Ferro Farewell Focuses on Need to Spread Safety Burden
Anne Ferro’s departing message is that the cost of truck and bus safety needs to be distributed more evenly through the supply chain. Too much of the burden falls on drivers who are not paid for all the time they work, said Ferro in an exit interview Thursday with a number of reporters.

Photo: Oliver Patton

Corrected -- Anne Ferro’s departing message is that the cost of truck and bus safety needs to be distributed more evenly through the supply chain.
Too much of the burden falls on drivers who are not paid for all the time they work, said Ferro in an exit interview Thursday with a number of reporters.
Ferro will step down August 25 after five years as chief of the Federal Motor Carrier Safety Administration. She will become president and CEO of the American Association of Motor Vehicle Administrators when she leaves FMCSA.
She said that her experience late last year in a ride-along with owner-operator Leo Wilkins showed her how much safety responsibility falls on drivers and law enforcement while compliant carriers must bid against low-end competitors in a market dedicated to squeezing out costs.
“We need to move that safety calculus back into the supply chain and move the costs earlier among those influencing it,” she said.
It was a theme she returned to repeatedly.
“It is essential to recognize that professional drivers should be compensated for all time on duty. That’s integral to achieving the overall safety mission.”
This was in in reference to a provision in the pending Obama administration highway bill that would require carriers to pay drivers at least the federal minimum wage for time spent waiting to be loaded or unloaded. Ferro has been working on this issue since her Senate confirmation hearing in 2009.
Asked how she would measure the agency’s success when looking back five years from now, she started with the obvious metric – fewer fatal crashes – and then added, “vastly improved compensation for professional drivers, a higher bar for safety for those in the supply chain and incorporating safety into logistics management algorithms.”
The tension between the commercial pressure to deliver freight at the lowest possible cost and the imperative to do so safely is at the heart of the perpetual struggle over hours of service, Ferro said.
The agency is obliged by law to set constraints on carriers’ ability to meet their customers’ demands.
“In an economic system that continues to try to drive the last penny out of the supply chain, transportation and trucking in particular gets squeezed the hardest because it has the least leverage,” she said.
The trucking industry is fragmented and highly competitive, with a large group of small business operators – “A David facing the Goliath of supply chain shippers.”
“That tension will always bump up against an hours of service rule.”
She added that not everyone in the industry opposes the provisions of the rule that have sparked controversy in Congress.
American Trucking Associations has been pushing legislation that would suspend the 34-hour restart provision pending completion of a study of its impact.
The agency opposes this approach, preferring to keep the provision in place while the study proceeds.
“There are large numbers of drivers who would vastly prefer to see an hours of service structure that recognized their personal demands as professionals to get proper rest, and to work within a more manageable system,” Ferro said.
As the legislative fight over the restart continues, the agency is working on several studies of the issue, she said.
It has a contract with the National Academy of Sciences for a study that’s now under way, and it recently began the process of polling stakeholders for the questions they want answered in a second study.
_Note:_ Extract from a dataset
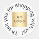 Adicione o logotipo da sua própria empresa. Fundo branco colorido. Texto: Obrigado por comprar conosco!
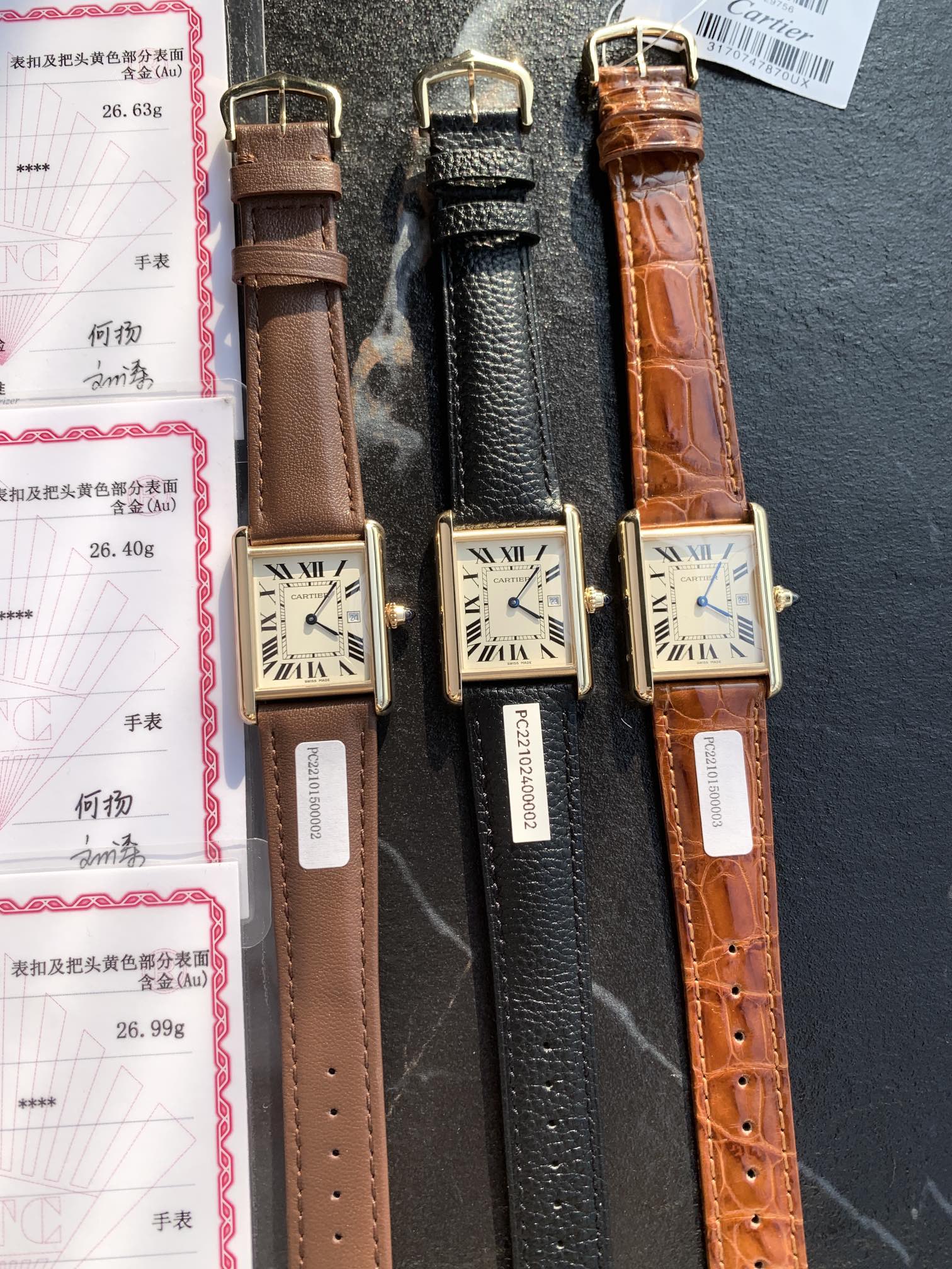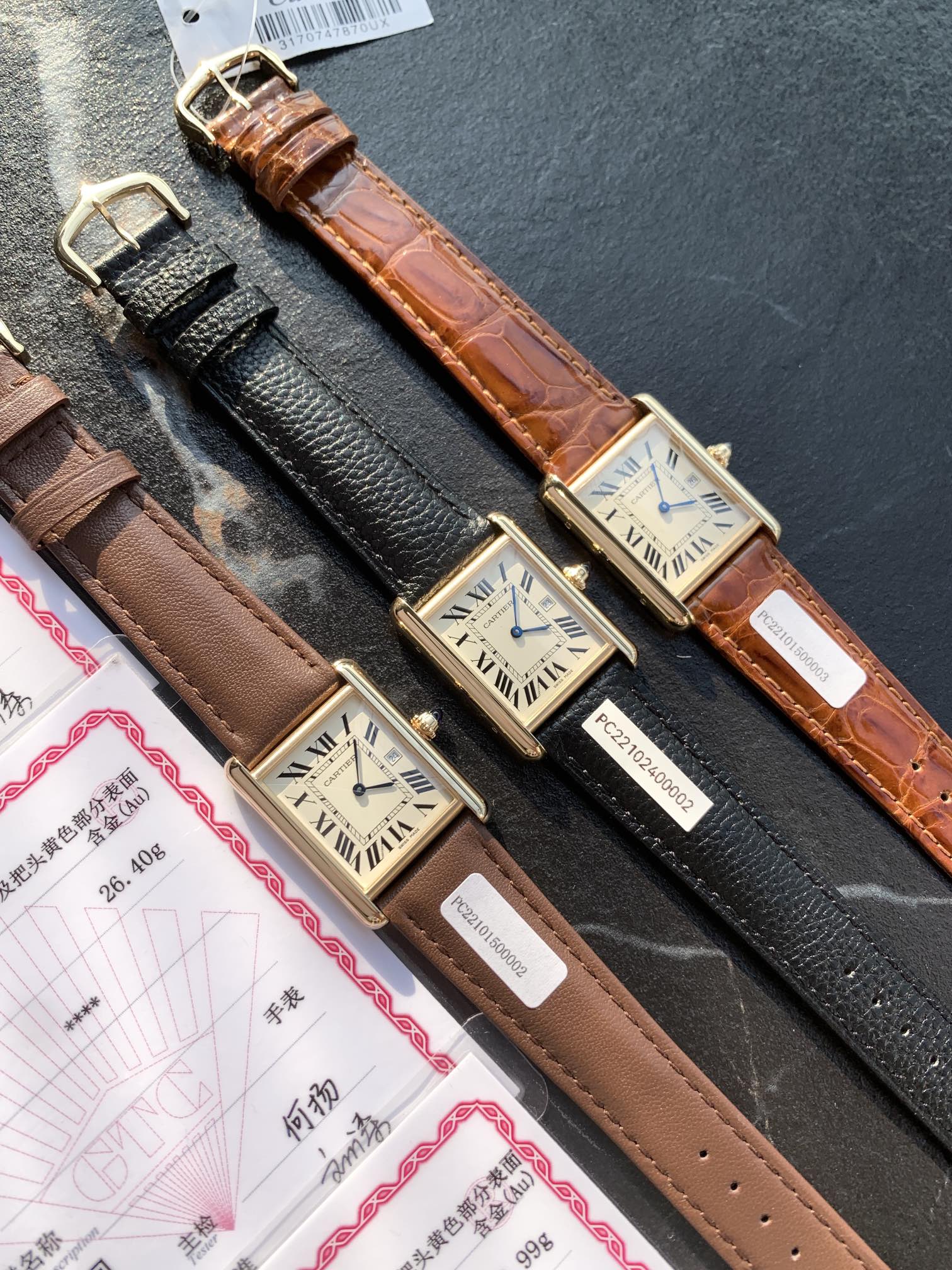 In stock: New Cartier Tank watch with 18k gold plating, Swiss quartz movement, 33.7x25.5mm case, sapphire crown, alligator strap, waterproof.

Another effort is targeting the impact of driver fatigue on small businesses.
The hours rule and others implemented during Ferro’s tenure have prompted some in the industry to blame Ferro for excessive regulation, even though others in the industry would like to see more regulation.
Ferro said she does not take the criticism personally.
“It’s not about me. It’s about the position and it’s about the agency’s role,” she said.
The FMCSA administrator “is not here to make friends,” she said. “The administrator is here to fulfill the letter of the law.”
Looking back, she would not have done anything differently, she said.
She added that she is not leaving the agency in response to a call from the board of the Owner-Operator Independent Drivers Association that she resign.
The opportunity from the American Association of Motor Vehicle Administrators came before “OOIDA called for my head,” she said.
One pending rule at the agency, a proposal to ban coercion of drivers by employers, shippers, receivers or brokers, is the first clear expansion of the FMCSA’s mandate deeper into the supply chain, Ferro said.
But the rule will not be a silver bullet, she added.
She encouraged carriers to use today’s market conditions, in which demand exceeds supply, to get better treatment for drivers.
“Shippers that are abusive should frankly be shut out,” she said. “I applaud any owner-operator or carrier who says to a shipper, ‘if you’re not going to pay detention time and tighten up on respect, we’re not taking your contract.'”
Ferro also said that the Department of Transportation and White House still are vetting the long-awaiting study of crash accountability in the CSA safety enforcement system. The final report is a few months away, she said.
Corrected 8/15/2014 9:45 a.m. EDT: The actual offer at AAMVA did not come before OOIDA's letter, although the opportunity did. The official offer came afterward.